Initiatives like TransCelerate, increased biomarker development, the enabling of triggered/ risk-based monitoring, and yes, adaptive clinical trials are all focused on making faster, better decisions. The notion of adaptive clinical trials has been around for some time, the concept is not new. However, as financial pressures in the pharmaceutical industry mount and CROs find it difficult to differentiate themselves, we have seen maturation in the field of adaptive clinical trials over the past three years. Companies have been created based primarily on the ability to provide adaptive clinical trial services.

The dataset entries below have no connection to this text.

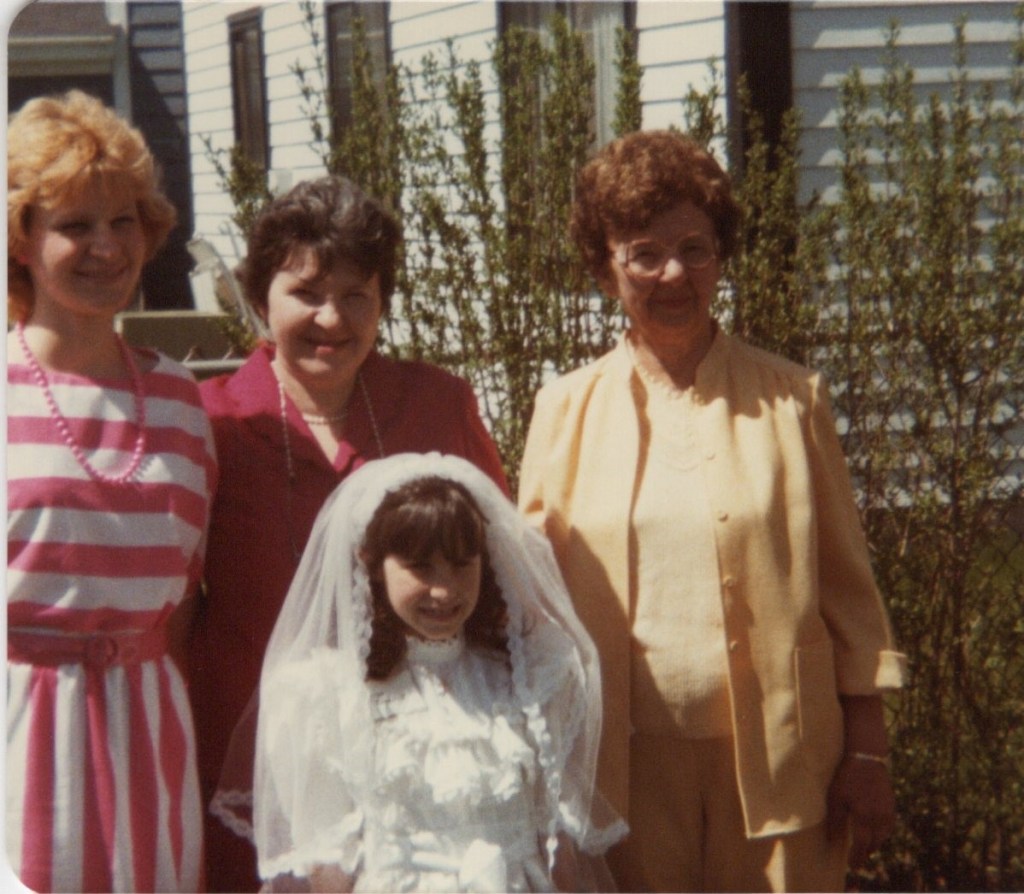 Four generations – Me/Mary; my mother, Patricia; my grandmother, Florence, and daughter, Lisa, on Lisa’s First Communion Day, 1984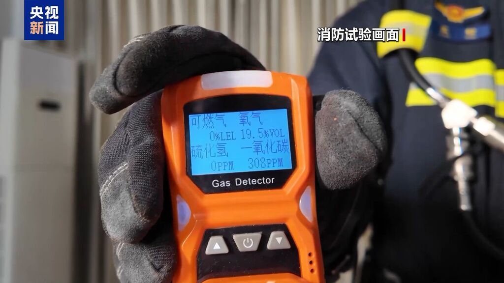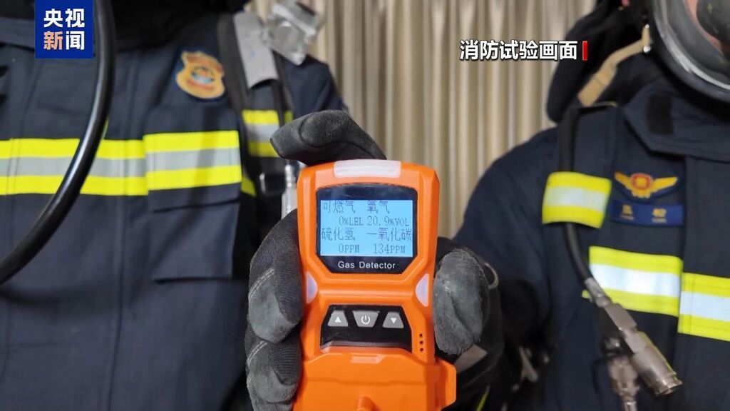 在密闭空间内,消防人员开展燃烧试验,随着煤炭被点燃,有毒气体监测仪上的数字开始变化。仅仅2分钟,室内一氧化碳浓度就突破100ppm;5分钟不到,数值直接飙升到500ppm,已经远超人体可承受的安全极限。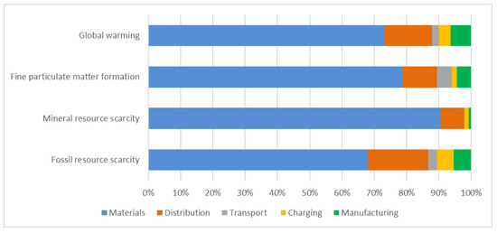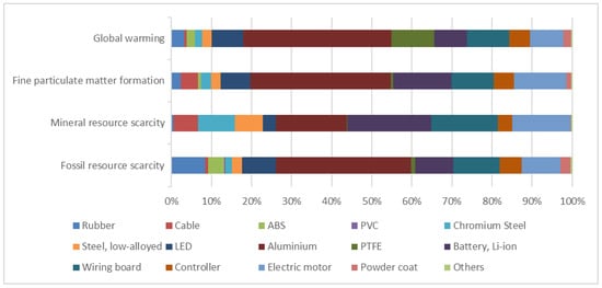 The results show a GWP of 131 g CO2-eq.*p∙km−1. With a contribution between 68% and 90% of the total impacts, the materials phase is by far the most impacting phase for the four analyzed impact categories. As indicated in Figure 3, the impacts of the material phase are mainly driven by the aluminum which constitutes almost half of the e-scooter weight. In addition to the high mass share, the aluminum production has a high impact intensity, for example regarding the energy consumption necessary to separate the metal from the oxide. The Li-ion battery, the wiring boards, and the electric motor are the following impacting elements of the e-scooter. The global warming score of the polytetrafluoroethylene (PTFE) is due to the presence of fluorine and the emission of fluorinated compounds. Numerical data for Figure 3 and the following figures are given in the Supplementary Materials.
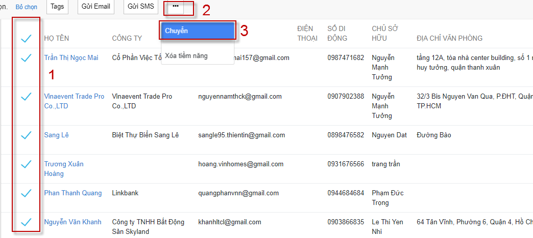 Bước 1: Từ màn hình danh sách Tiềm năng -> Người dùng trỏ chuột đến vị trí Tiềm năng-> Tích chọn Tiềm năng -> Chọn biểu tượng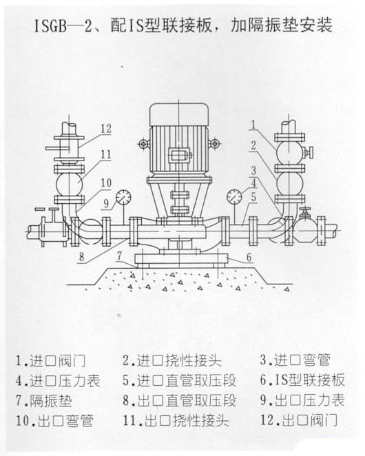 ISGB型便拆立式管道离心泵是在ISG型泵的基础上开发成功的一种结构新颖,技术先进的产品。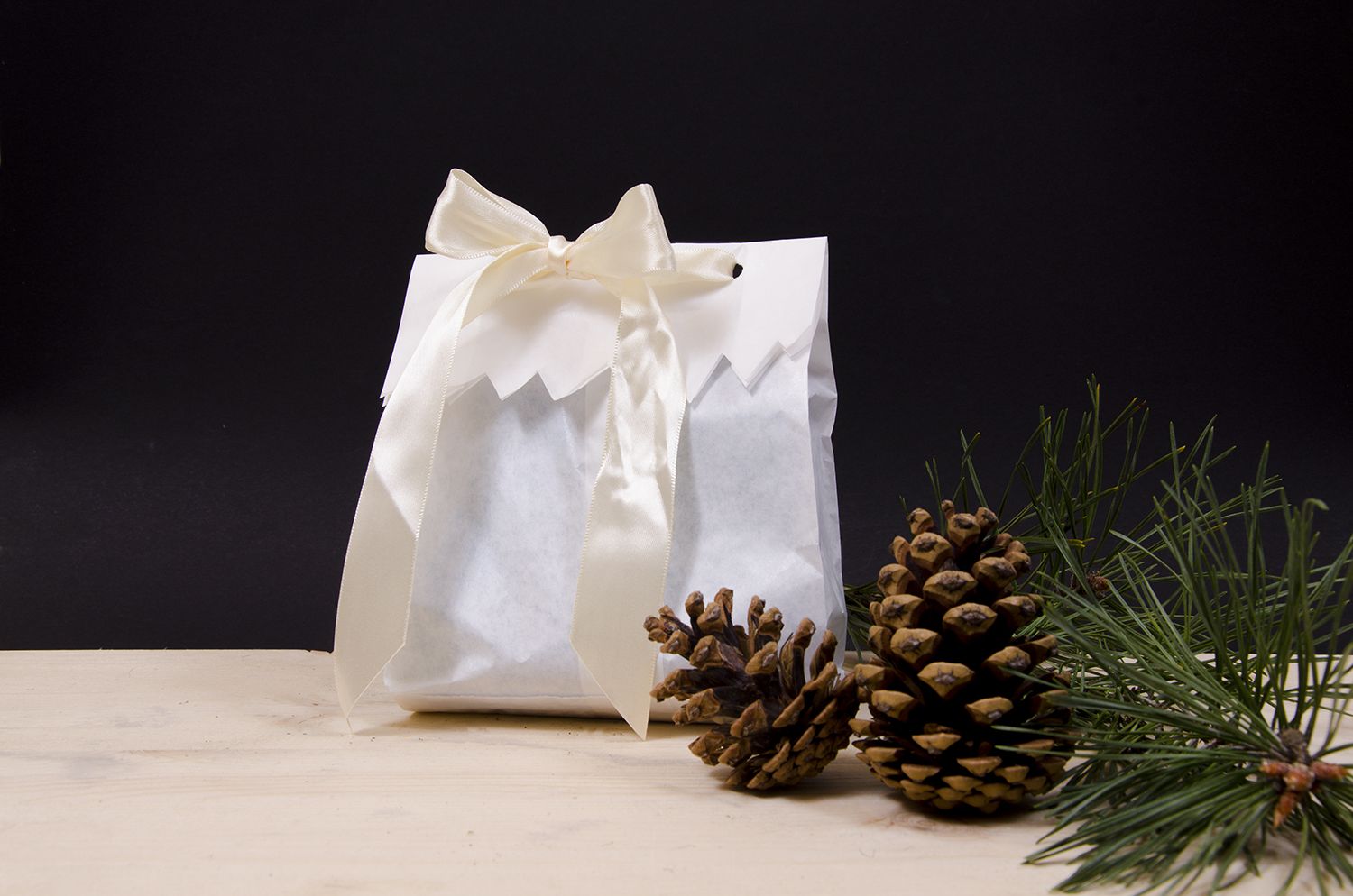 Tényleg egyszerű, akár last minute tippnek is tökéletes: szerezz be a sarki ABC-ből néhány minta nélküli péksüteményes zacskót, és csomagold ezekbe az apróbb tárgyakat. A zacskókat könnyen felturbózhatod: cakkozd be vagy vágd csipkésre a szélét. Majd a száját hajtsd le, készíts egy-egy lyukat a két szélére, az ezeken átfűzött selyemszalaggal zárd le a csomagot.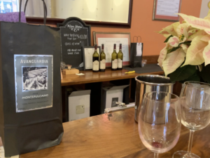 1. It’s a drizzly Saturday afternoon; mostly-local shoppers on the street. Way down at the end, next to the old movie theater is a small tasting room, easy to miss. The woman in the tasting room (the winemaker’s wife) was great! We had a good conversation about the vineyard, the wines, the wine business in general, and where the grapes originated.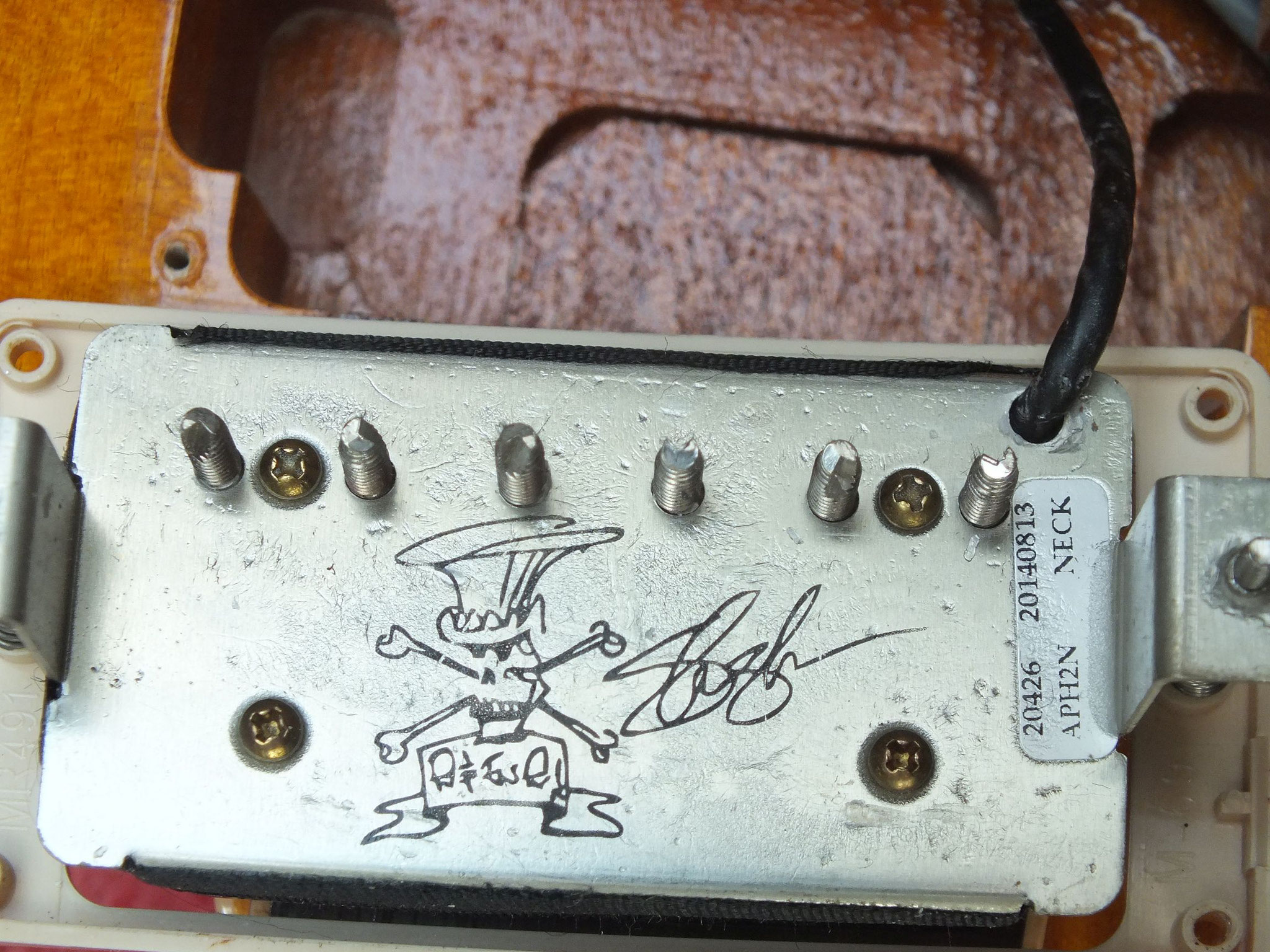 Hier ein Exemplar, das zudem von Zakk Wylde auf der Kopfplattenrückseite sowie auf dem beiliegenden Zertifikat handsigniert wurde - mit zwei unterschiedlichen Datumsangaben. Der Vorbesitzer ist ein persönlicher Bekannter des Musikers und hat ihn mehrmals getroffen.

ISR recently launched our second look at the Adaptive Trial marketplace with our “Adaptive Trial Market Dynamics” report. Since 2010 we have seen some changes in the marketplace and momentum seems to be growing. However, barriers still exist that are preventing a more rapid adoption of adaptive trial designs.
One consistent finding from this report is that “regulatory” matters are of the utmost importance regarding the future adoption of adaptive clinical trials. Respondents noted the lack of regulatory guidance as the major barrier to adaptive trials being more widely used within their organization. They also stated that a CRO’s experience with the regulatory bodies in planning adaptive designs was the second most important attribute a CRO could possess. However, only 27% of respondents indicated they are “very confident” or “confident” in outsourcing the regulatory planning for an adaptive trial.